Data shown:
◆ ◆ ◆ ◆
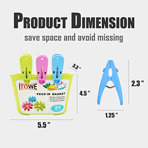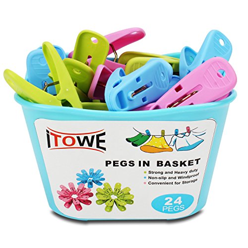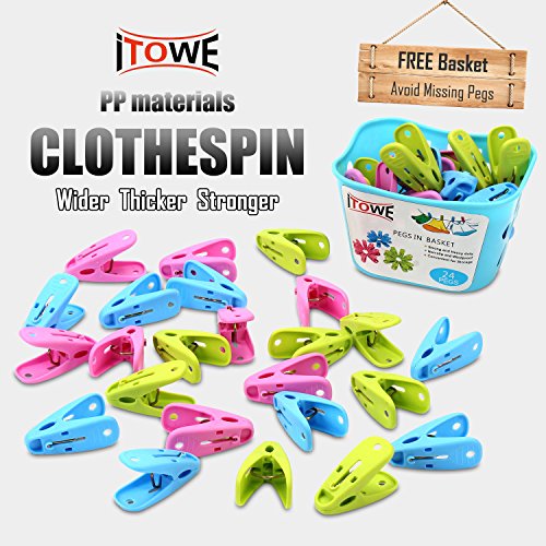 ITOWE 24 pack Plastic Pegs with Storage Basket Caddy Durable laundry Clothespin Clothes clips Pegs powerful biting force clamp for Home Using laundry Outdoor Activities Random Color
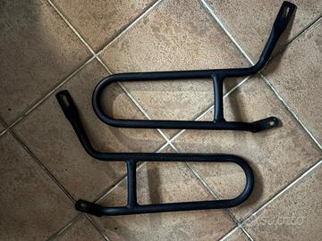 Vendo coppia di supporti laterali aftermarket per Royal Enfield Super Meteor 650. Struttura in acciaio verniciato nero, robusti e ben realizzati. Consentono il montaggio di borse laterali mantenendo la corretta distanza da ruota e ammortizzatore. Smontati dalla moto, in ottime condizioni. Attacchi integri, nessuna piega o deformazione. Ideali per chi vuole montare saddle bag senza spendere per gli originali. Preferibile consegna a mano. Spedizione possibile a carico dell’acquirente.
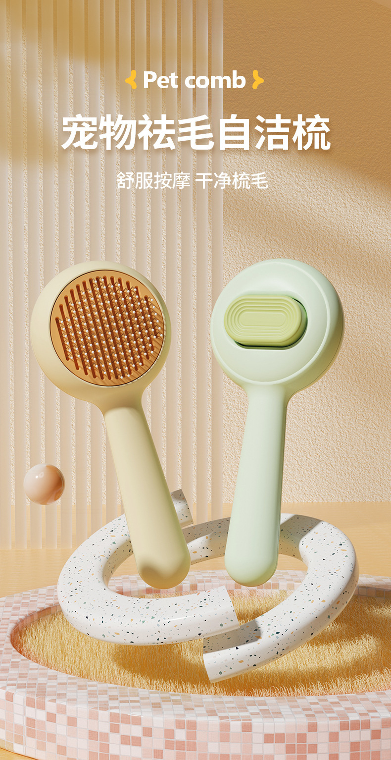 Nuevo peine transfronterizo para mascotas, peine de aguja de belleza, botón grande, peine autolimpiante para mascotas, peine para perros, limpieza de pelo, suministros para mascotas
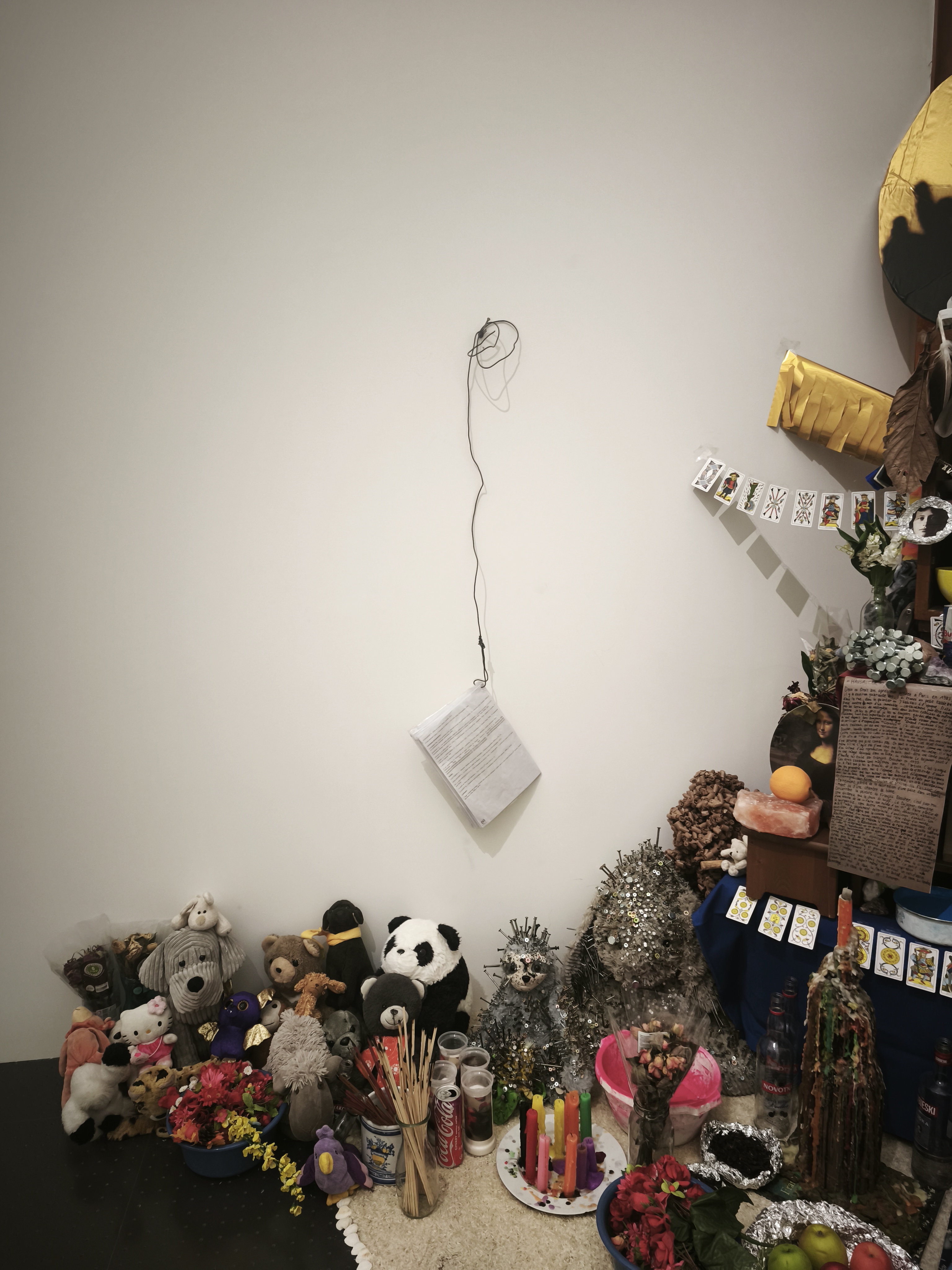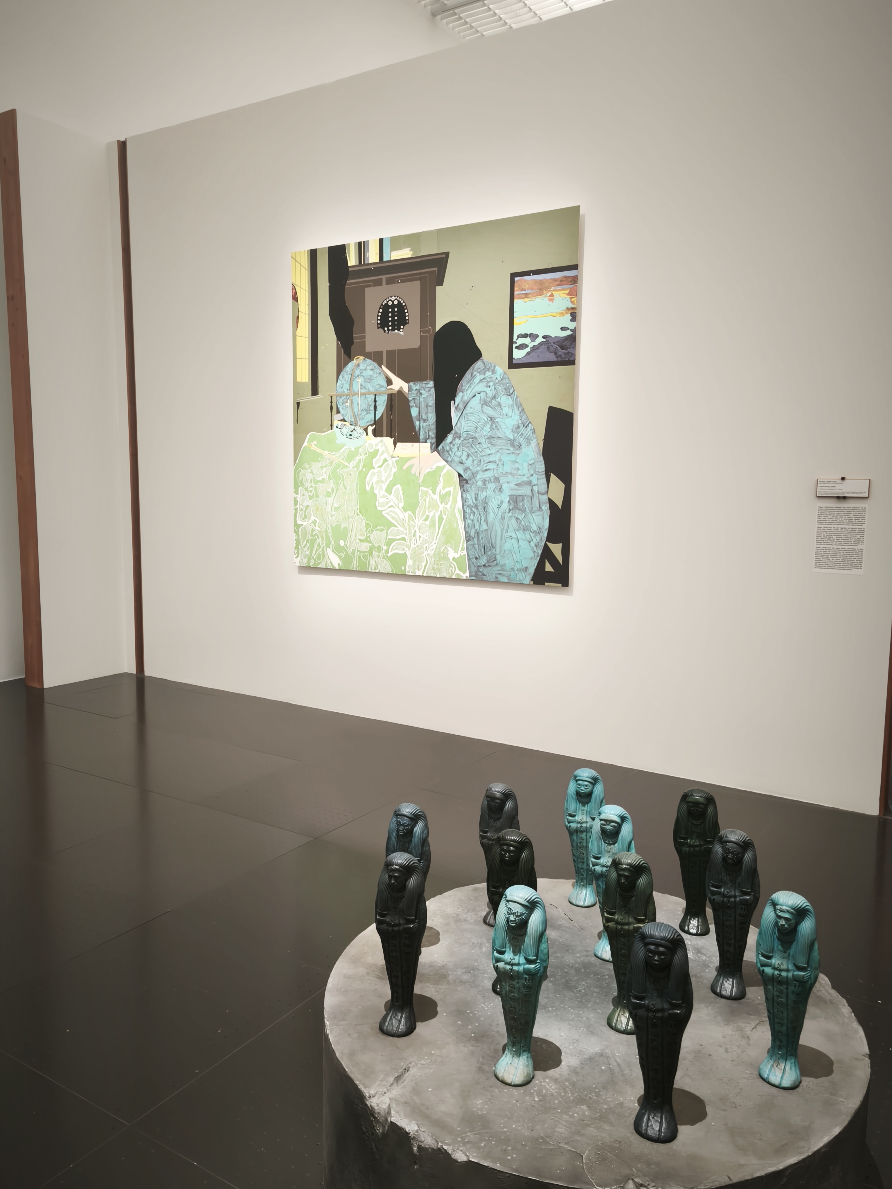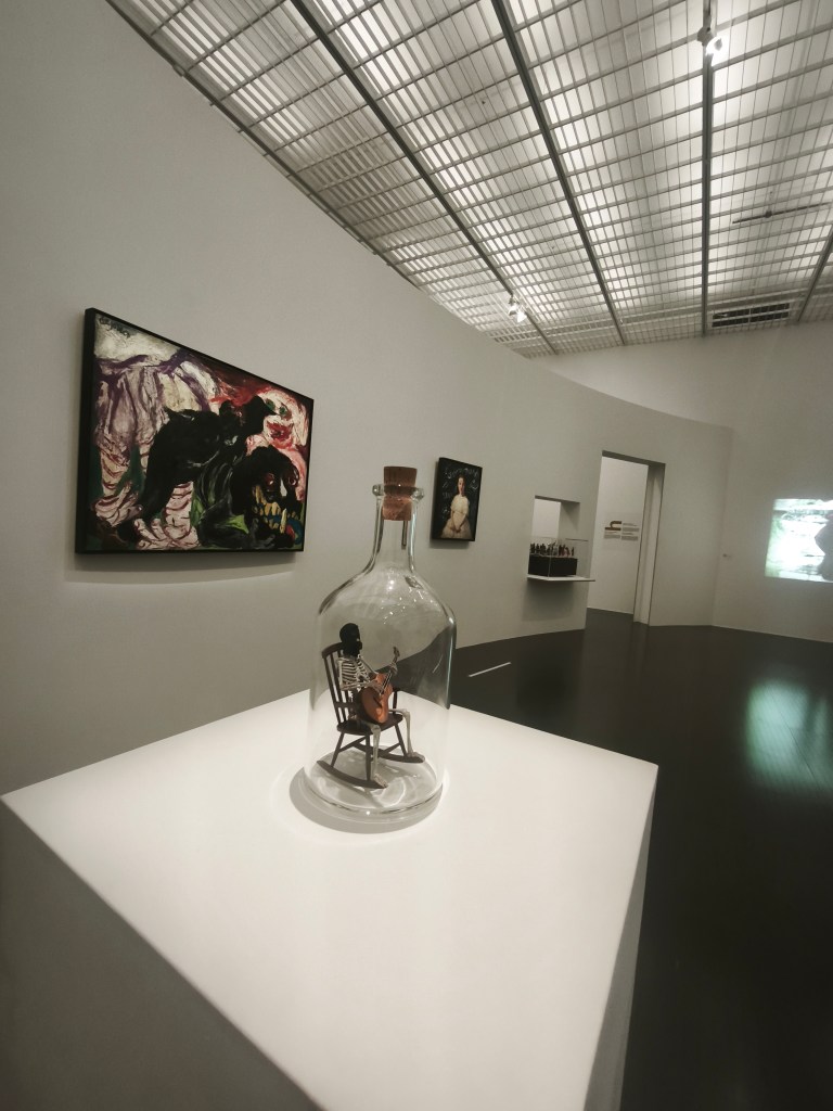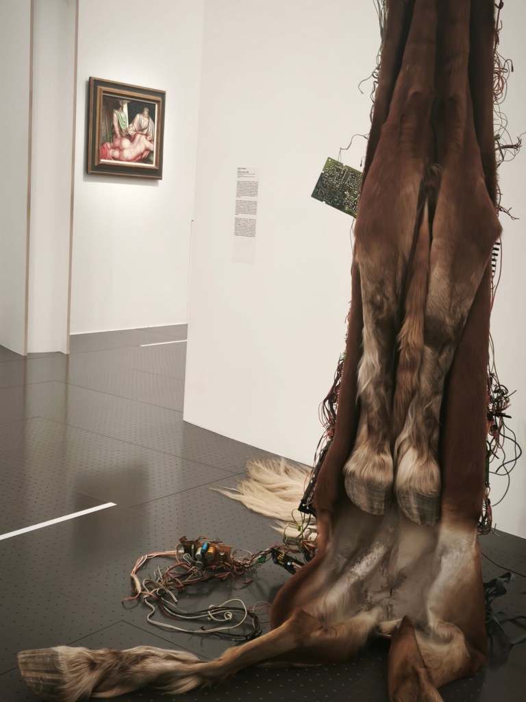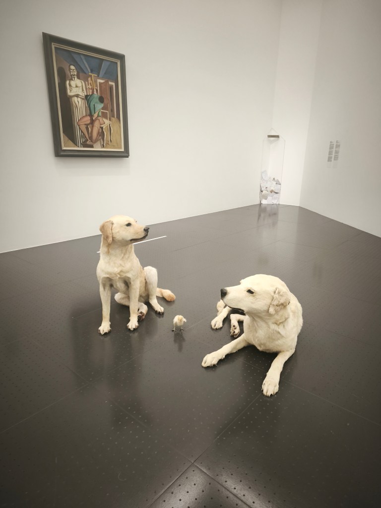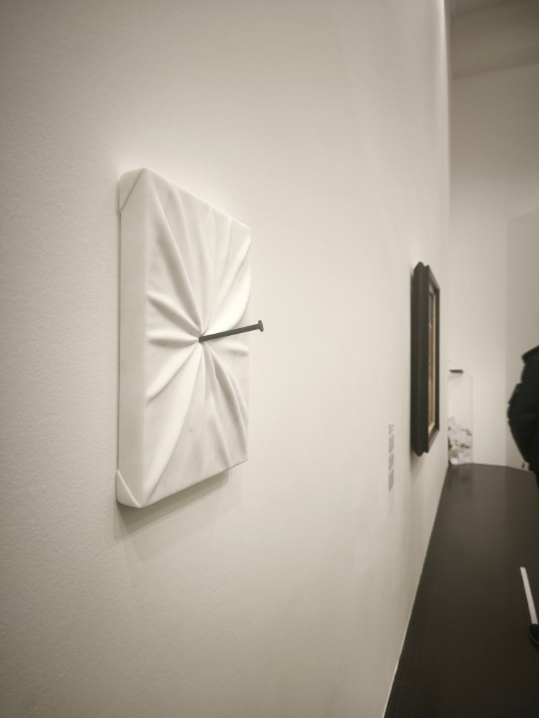 изложбата създава чувството за търсене на смисъла през времето_ в търсене на обяснения за този странен свят, Маурицио подава интересен инструмент на смесване_създава множество вмъквания и отклонения като представя произведения от други векове / освен 20-ти и 21-ви / , като ‘ Градива ‘ или редки ръкописи и книги от Ватиканските музеи, като по този начин разкрива източниците на вдъхновение за модерното и съвременно изкуство.
◆ ◆ ◆ ◆
Assignment: Please copy the lines above exactly, starting at the line that holds "Vendo coppia di" and ending at the line that holds "Nuevo peine transfronterizo"; include both, but no pictures.

Answer space:
 Vendo coppia di supporti laterali aftermarket per Royal Enfield Super Meteor 650. Struttura in acciaio verniciato nero, robusti e ben realizzati. Consentono il montaggio di borse laterali mantenendo la corretta distanza da ruota e ammortizzatore. Smontati dalla moto, in ottime condizioni. Attacchi integri, nessuna piega o deformazione. Ideali per chi vuole montare saddle bag senza spendere per gli originali. Preferibile consegna a mano. Spedizione possibile a carico dell’acquirente.
 Nuevo peine transfronterizo para mascotas, peine de aguja de belleza, botón grande, peine autolimpiante para mascotas, peine para perros, limpieza de pelo, suministros para mascotas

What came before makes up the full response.